[Linkpost] The Expressive Capacity of State Space Models: A Formal Language Perspective

post by Bogdan Ionut Cirstea (bogdan-ionut-cirstea) · 2024-05-28T13:49:38.738Z · LW · GW · 3 comments

This is a link post for https://arxiv.org/abs/2405.17394

Contents

3 comments

Paper authors: Yash Sarrof, Yana Veitsman, Michael Hahn.

Context: architectures with weak forward passes can be differentially transparent; see e.g. this comment [LW(p) · GW(p)] / the whole thread and research agendas like externalized reasoning [LW · GW] or the translucent thought hypothesis [LW · GW].

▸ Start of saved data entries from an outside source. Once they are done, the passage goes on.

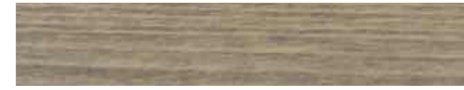
244 - 426 2x ulme grau ■ elm grey ■ orme gris olmo gris ■ olmo grigio ■ alm grå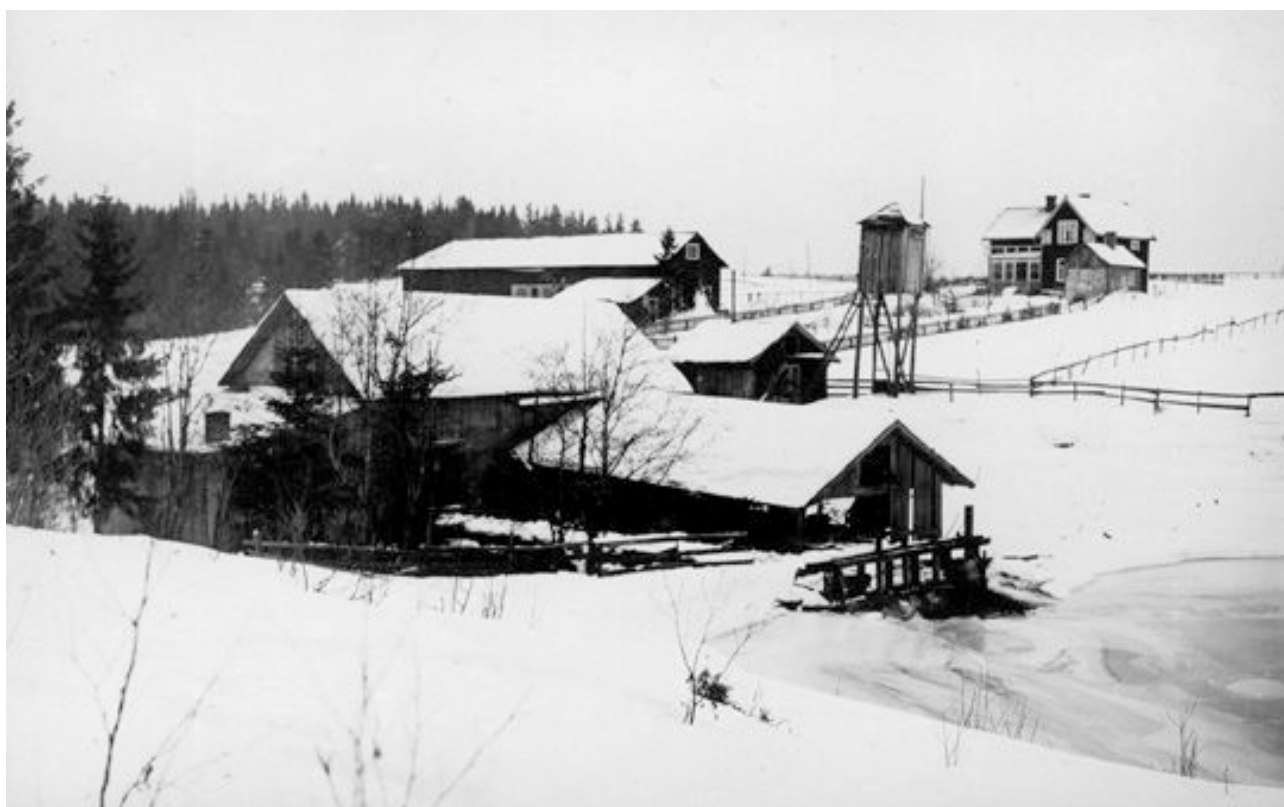
Myrsågen på 1930-talet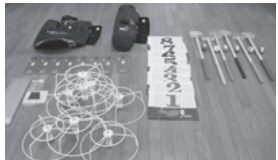
購入したグラウンドゴルフセット

随分附区会は、このほど、(財)自治総合センターのコミュニティ助成事業を活用し、スポーツ・文化活動用備品（カラオケセット、少年野球用具、グラウンドゴルフセットなど）を購入しました。この事業は、宝くじの普及と広報を目的として、地域のコミュニティ活動に必要な備品の整備に助成を行うものです。この事業を利用したい団体（区・自治会）は、市民活動課（内線134）にお問い合わせください。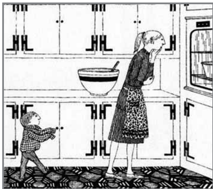
Gorey va il·lustrar l'obra combinant buit i atapeït / BLACKIE BOOKS

És un llibre dinàmic i atractiu gràcies al format ple de dibuixos i breus textos enquadrats, solapes, sobres, desplegable, manualitats... És molt accessible (en part gràcies a la traducció de Mònica Font) sense perdre un rigor que cal agrair. Només de llegir el llibre cap fill nostre es convertirà en una estrella, però les pistes que donen no són un simple joc. Una manera activa d'acumular un bon grapat de coneixements variats, des de com preparar targetes per als fans fins a com organitzar una exposició passant per una cosa que els nens i nenes actuals ja controlen de sèrie: com posar-se per a una fotografia. *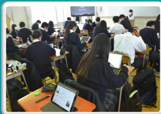
2年生総探平和学習(13日)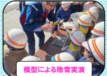
模型による除雪実演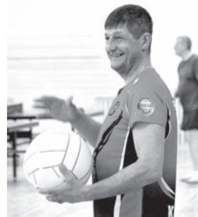
■ Мяч для мини-волея обладает уникальными характеристиками.

Мини-волей – совершенно новый для Кузбасса вид спорта, который культивируется в нескольких поселениях Кемеровского округа. Однако наши спортсмены-любители уже громко заявили о себе на всероссийском уровне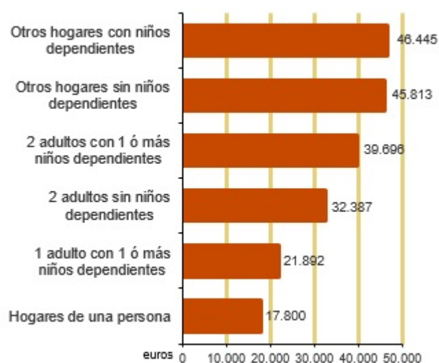
Renta anual neta media por hogar según tipo de hogar. 2022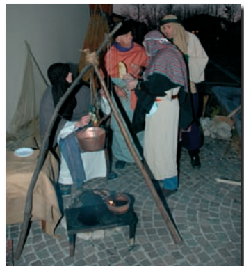
Accampamento di pastori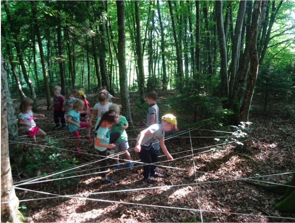
Slika 20: Pajkova mreža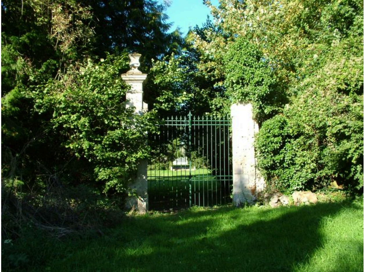
Vue de l'entrée antérieure.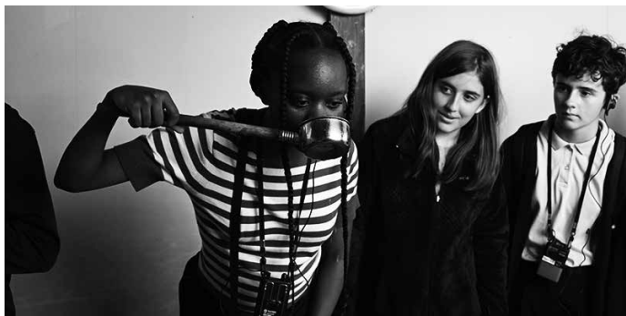
黒部の名水を味わう生徒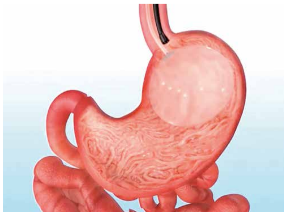
Balón intragástrico.

El Dr. Moreno explica que "el paciente debería de conti-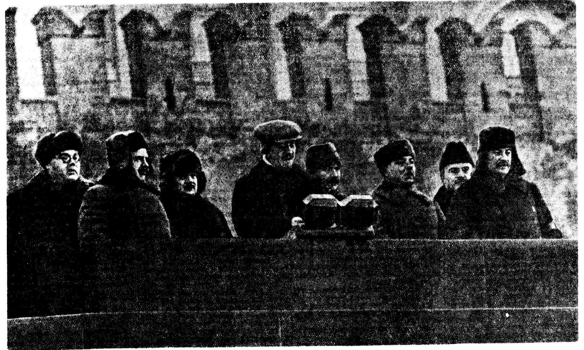
Похороны В. П. Чкалова. Товарищи Шербаков, Андреев, Жданов, Булганин, Л. М. Каганович, Ворошилов, Молотов и Сталин на трибуне мавзолея во время траурного митинга.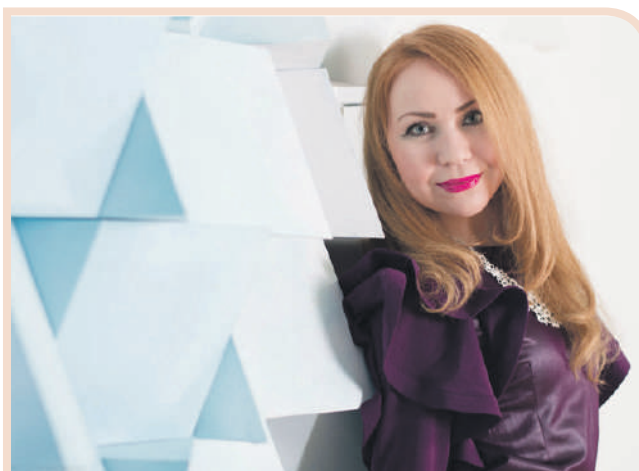
Дипломатия нужна во всех сферах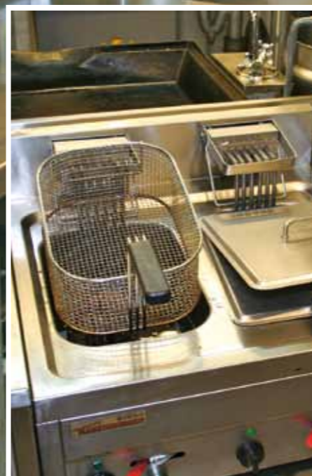
Запахи и жир причиняют вред как вентиляционной системе, так и всем, кто находится в этом же здании.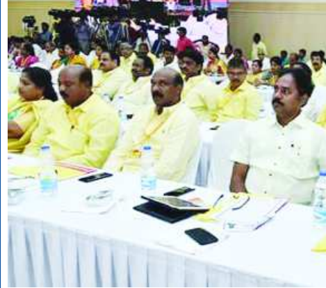
అమరావతి: ఇన్నోవేషన్ వ్యాళికి కేరాఫ్ ఆర్డర్ గా ఏపీని మార్చేందుకు కృషిచేస్తున్నామని ముఖ్యమంత్రి చంద్రబాబు వ్యాఖ్యానించారు. శుక్రవారం ప్రారంభమైన బీజేపీ విస్తృతస్థాయి సమావేశంలో ఆయన మాట్లాడుతూ యువ పారిశ్రామికవేత్తలను ప్రోత్సహిస్తున్నామని అన్నారు. రైతులను అన్ని విధాలా ఆదుకుంటున్నామని చంద్రబాబు చెప్పారు. రాష్ట్ర విభజన జరిగిన మూడు నెలల్లోనే విద్యుత్ కొరత

సమస్యను అధిగమించామన్నారు. విద్యుత్ వార్తలు పెంచబోమని ప్రకటించిన మొదటి రాష్ట్రం ఆంధ్రప్రదేశ్ అని ఆయన గర్వంగా చెప్పారు. అన్ని గ్రామాల్లో సీపీ రోడ్ల నిర్మాణం చేపట్టమని ముఖ్యమంత్రి పేర్కొన్నారు. బీజేపీకి అనుకూలంగా వైసీపీ ప్రచారం: చంద్రబాబు బీజేపీకి అనుకూలంగా వైసీపీ ప్రచారం చేసిందని, బీజేపీని ప్రతిపక్ష నేత జగన్ విమర్శించారని, వైసీపీ బీజేపీ విమర్శించడని దుయ్యబట్టారు. లాలూచీ పార్టీలతో పోరాటం ఆపామాషీ కాదని, బెంగళూరులో ఎన్టీవోలను అడ్డుకున్నది వైసీపీ వాళ్ళేనని ఆరోపించారు. లాలూచీ రాజకీయాలను, కపటనాటకాలను ప్రజల్లో ఎండగట్టాలని పిలుపునిచ్చారు.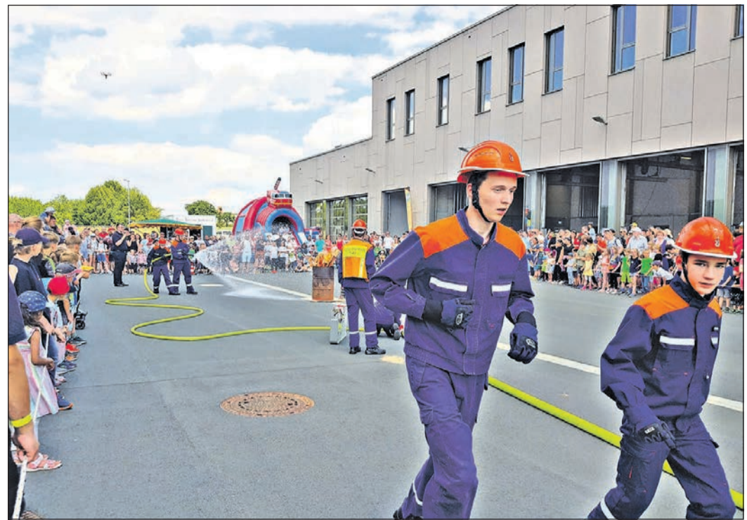
Eine Schauübung der Jugendfeuerwehr findet beim „Tag der offenen Tür“ statt und begeistert die Besucher.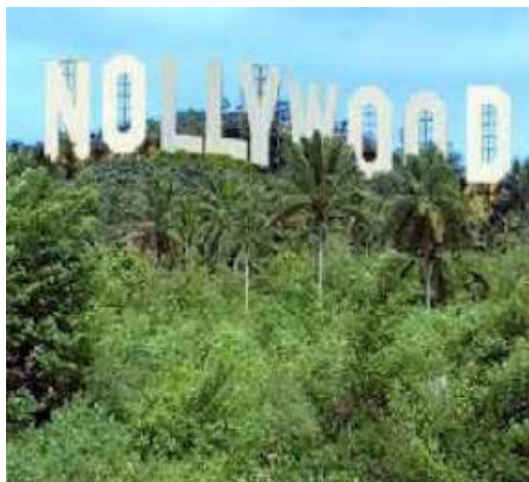
L'emblème Nollywood.

Un autre fait recueilli montre madame bien scotchée devant sa télé après avoir mis au feu une marmite de saka-saka certainement pour la dégustation du week-end. Mais la série était passionnante et le jeu des acteurs très prenant, et la traduction de l'anglais ou du yoruba en lingala des plus envoûtantes. Et le film durait, durait. Le saka-saka cuisait, cuisait dans sa marmite sans couvercle... La fin de cette cuisson et du film ? Donnons plutôt la fin du plat de saka-saka cuit à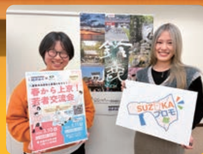
鈴鹿を盛り上げてくれる すずかプロモーション部の部員

間機関の調査で共働ぎで子育てしやすいまちとして令和4年以降連続で非常に高い評価を受けています。さらに、鈴鹿市子ども条例の理念のもと、全ての子どもが将来に夢と希望をもって生きることができるとして社会の実現を目指します。 また、本市の強みであるものづくりの技術やモータースポーツをはじめとする地域資源などを生かし、地域経済に新たな賑わいと活力を呼び込むため、その魅力を市内外に向けて積極的に発信し、シビックプライドの醸成や東京事務所を核とした首都圏での関係人口づくりをさらに進め、「選ばれるまち・鈴鹿」の実現を目指します。 DXの推進 行政のさまざまな分野で積極的にデジタル技術を取り入れ市民サービスの質を飛躍的に高め、より良い暮らしと持続可能な社会の実現に向けた変革を着実に進めてまいります。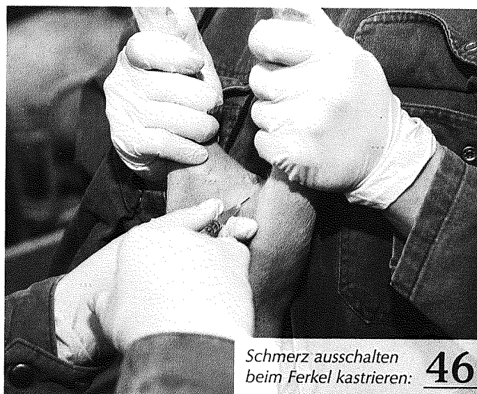
Schmerz ausschalten beim Ferkel kastrieren: 46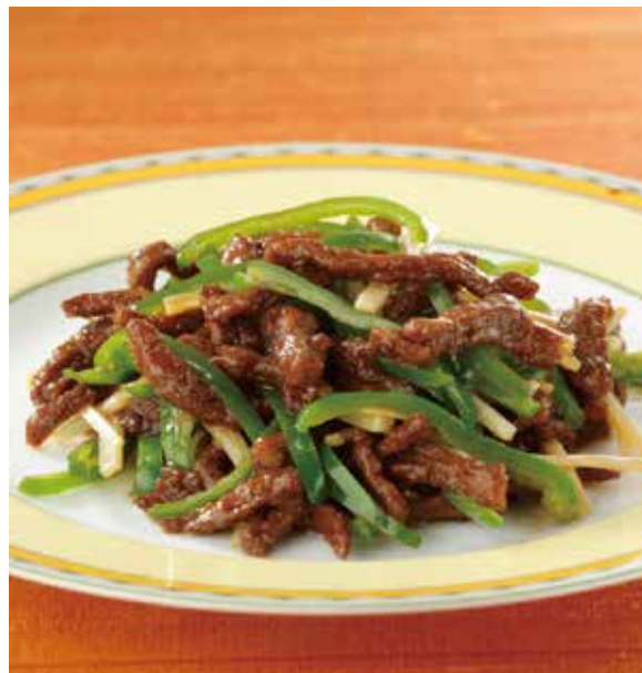
2. 青椒牛肉絲 ..... 2,860

北京の名物料理をお一人さま用にご用意しました。 お口直しのサラダと共に召し上がりください。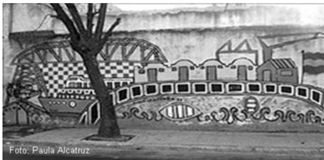
Imagen 46:barrio La Boca, sin datación

debe investigar, estudiar, crear y recrear la realidad histórica y social, empleando imágenes y símbolos accesibles al público, al hombre de la calle. Pensando en los demás, en los otros a los que está destinado su mensaje.”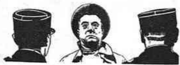
Raimu, Lucien Baroux, Edwige Feuillère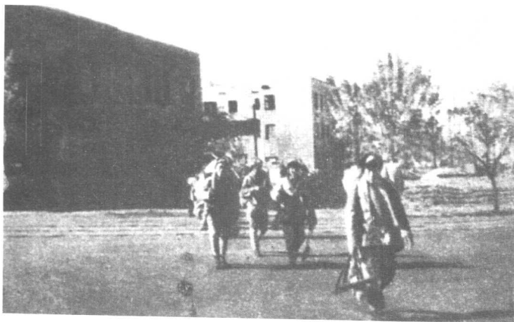
◀ 驻长春的国民党新7军的官兵纷纷向我投诚。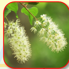
13.ウミズザクラ 木いっぱい白いシippo 通好みのサクラ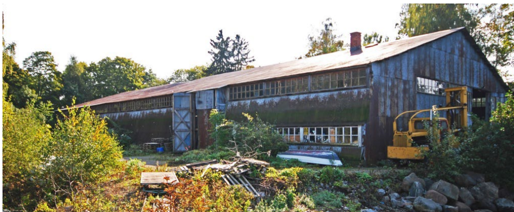
Stora Paravanskjulet från 1930-talet, som använts inom försvarets minhantering på ön, är genom sitt ursprung en kulturhistoriskt intressant industribyggnad.

Den monumentala långa Stora Paravanan har en mycket karaktärsfull utformning med sitt utsvängda nedre väggparti, gavelfasadens stora portar och de långsmala ljusinsläppen längs takfoten. Spår leder mellan byggnaderna och från Stora Paravanan ut på den stora gjutna bryggan.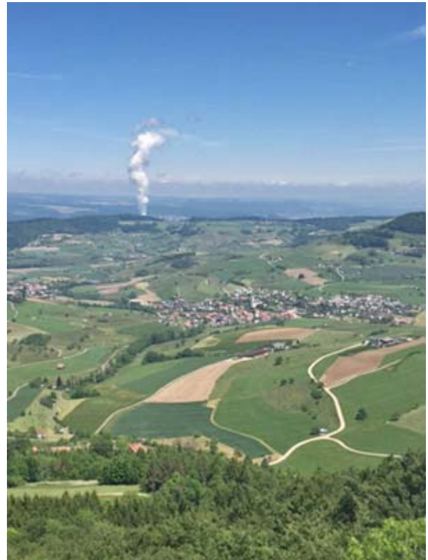
Rechts die Aussicht vom Turm auf die Gemeinde Sulz vor der Dampffahne des AKW Leibstadt

Bei allen Fotos auf dieser Seite war Ruth am Drücker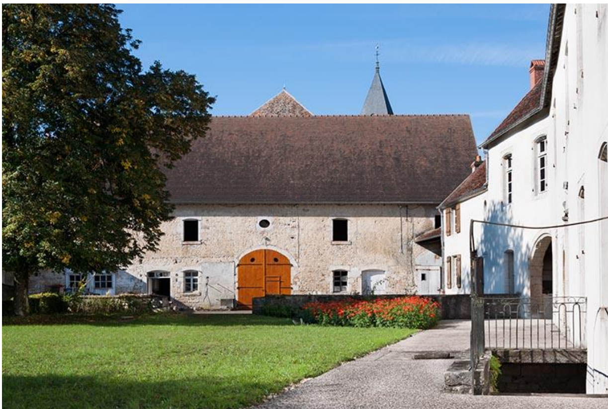
Les écuries et granges situées à l'ouest de la cour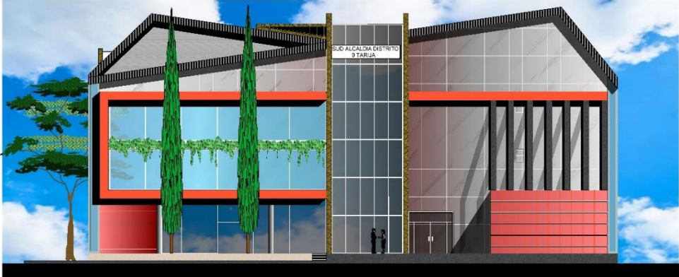
FACHADA PRINCIPAL NORTE Esc. 1: 100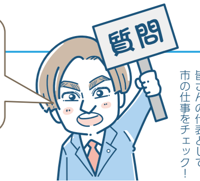
皆さんの代表として 市の仕事をチェック!

小中学校の給食費の無償化に踏み出すべきです! 点字ブロックが壊れています! 修繕工事はどうなっていますか? どうですか?!市長!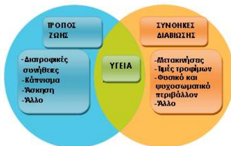
Εικόνα 1. Παράγοντες Υγείας: τρόπος ζωής και συνθήκες διαβίωσης.

Μια ευρεία έννοια για την υγεία εμπεριέχει τόσο τη σημασία του τρόπου ζωής όσο και των συνθηκών ζωής (Simonaska et al, 2006). Τρόπος ζωής (life style) είναι ο τρόπος που ζουν οι άνθρωποι, οι συνήθειες τους, οι επιλογές που κάνουν σε σχέση με την υγεία, συμπεριλαμβανομένων των επιλογών που έχουν σχέση με το φαγητό, τη φυσική άσκηση, την σεξουαλική συμπεριφορά, την χρήση καπνού, την χρήση ουσιών κτλ. Συνήθως τα άτομα έχουν την δυνατότητα να επηρεάσουν τις επιλογές που έχουν κάνει στον τρόπο ζωής τους.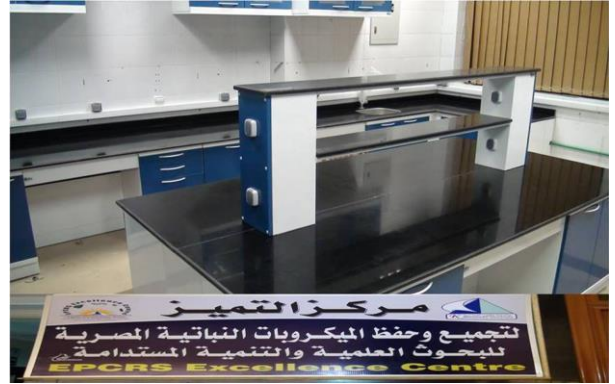
معمل أمراض النبات والبيوتكنولوجي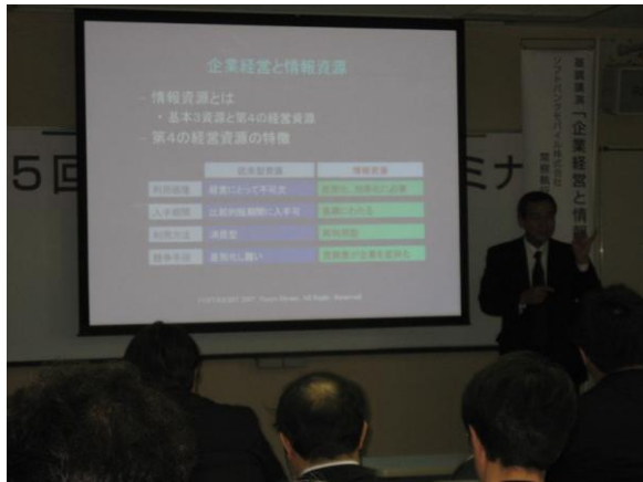
基調講演「企業経営と情報活用」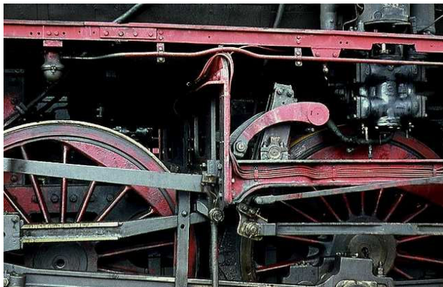
Blick auf das Außentriebwerk der Führerhausseite von 39 230. Die einzige P10 mit Hängeeisen-Steuerung ist Anfang August 1965 in Radolfzell kalt abgestellt.

Aus wirtschaftlichen Erwägungen sollte keine völlig neue Lok auf die Schiene gestellt werden, sondern vielmehr höchstmögliche Tauschbarkeit und Einheitlichkeit mit den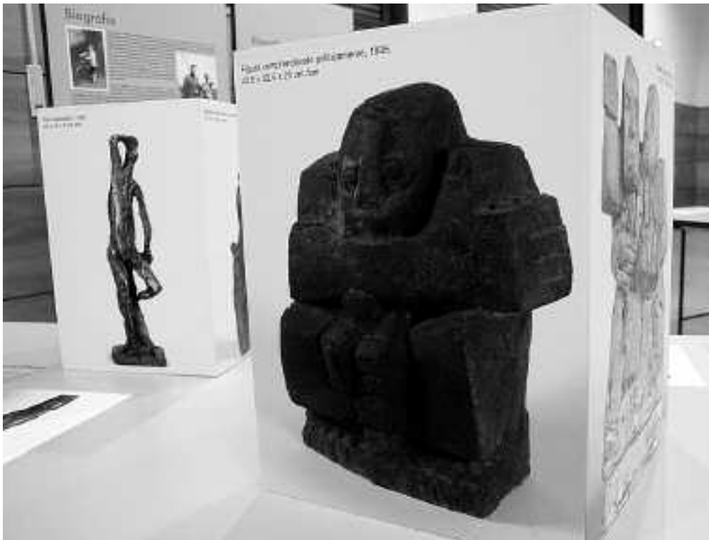
Azaroaren 26a arte dago ikusgai kultur etxeko areto nagusian Oteizari buruzko erakusketa.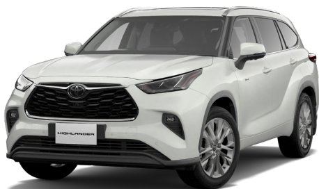
プラチナホワイトパールマイカ<089>*1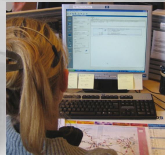
SAINT-BRIEUC Centre d'appel : information voyageur sur l'ensemble du département et prise de réservations pour les transports à la demande.

Porteur d'innovations technologiques (centrale de réservation, logiciel d'exploitation, billetterie...), le transport à la demande est aussi un moyen moderne de s'adapter aux exigences des usagers.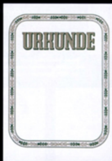
Nr. 131 Größe 21 x 29,7 cm, grau-grün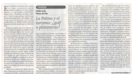
Pérez de Paz, P.L., 2012: La Palma y el turismo: ¿golf o plataneras? Diario de Avisos , 22.II.2012.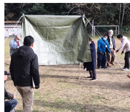
学んだロープワークを用いて力を合わせてタープ張り！

聞き慣れない言葉に、戸惑いながらスタートした教室でしたが、授業が進むにつれて受講生がレベルアップ！ 1回目にはできなかったファシリテーションを、最終回の成果発表会では、場場の見学者を巻き込んで実践。進行役を務めたグループトークは大盛り上がりで、笑顔あふれる時間となりました。 見事にこなしたファシリテーター、大成功！

Summary thread: https://x.com/yashYRS/status/1795340993757352402. Summary of the summary thread: like transformers, which have weak forward passes, SSMs are also in the TC0 computational complexity class, 'but cover distinct fragments within it'. 'SSMs can track hierarchical structures with optimal memory [...] suggesting that SSMs, while being more parallellizable, maintain sufficient power to handle the hierarchical structure of language.'

Abstract:

Recently, recurrent models based on linear state space models (SSMs) have shown promising performance in language modeling (LM), competititve with transformers. However, there is little understanding of the in-principle abilities of such models, which could provide useful guidance to the search for better LM architectures. We present a comprehensive theoretical study of the capacity of such SSMs as it compares to that of transformers and traditional RNNs. We find that SSMs and transformers have overlapping but distinct strengths. In star-free state tracking, SSMs implement straightforward and exact solutions to problems that transformers struggle to represent exactly. They can also model bounded hierarchical structure with optimal memory even without simulating a stack. On the other hand, we identify a design choice in current SSMs that limits their expressive power. We discuss implications for SSM and LM research, and verify results empirically on a recent SSM, Mamba. 

3 comments

Comments sorted by top scores.

comment by Bogdan Ionut Cirstea (bogdan-ionut-cirstea) · 2024-05-28T14:21:14.560Z · LW(p) · GW(p)

Whoever (strong?) downvoted this, I'm genuinely curious about the reasoning behind. Especially since my previous linkpost also got downvoted down to negative numbers at some point, for reasons unknown to me.

Replies from: mateusz-baginski
comment by Mateusz Bagiński (mateusz-baginski) · 2024-05-28T15:18:50.671Z · LW(p) · GW(p)

It wasn't me but it's probably about spreading AI capabilities-relevant knowledge.

Replies from: bogdan-ionut-cirstea
comment by Bogdan Ionut Cirstea (bogdan-ionut-cirstea) · 2024-05-28T15:22:31.271Z · LW(p) · GW(p)

Huh, that would seem a bit unnuanced to me, especially since I mentioned weak forward passes; though maybe I should add more context, e.g. this comment [LW(p) · GW(p)] / the whole thread. 

Thanks, might try to edit with a bit more context!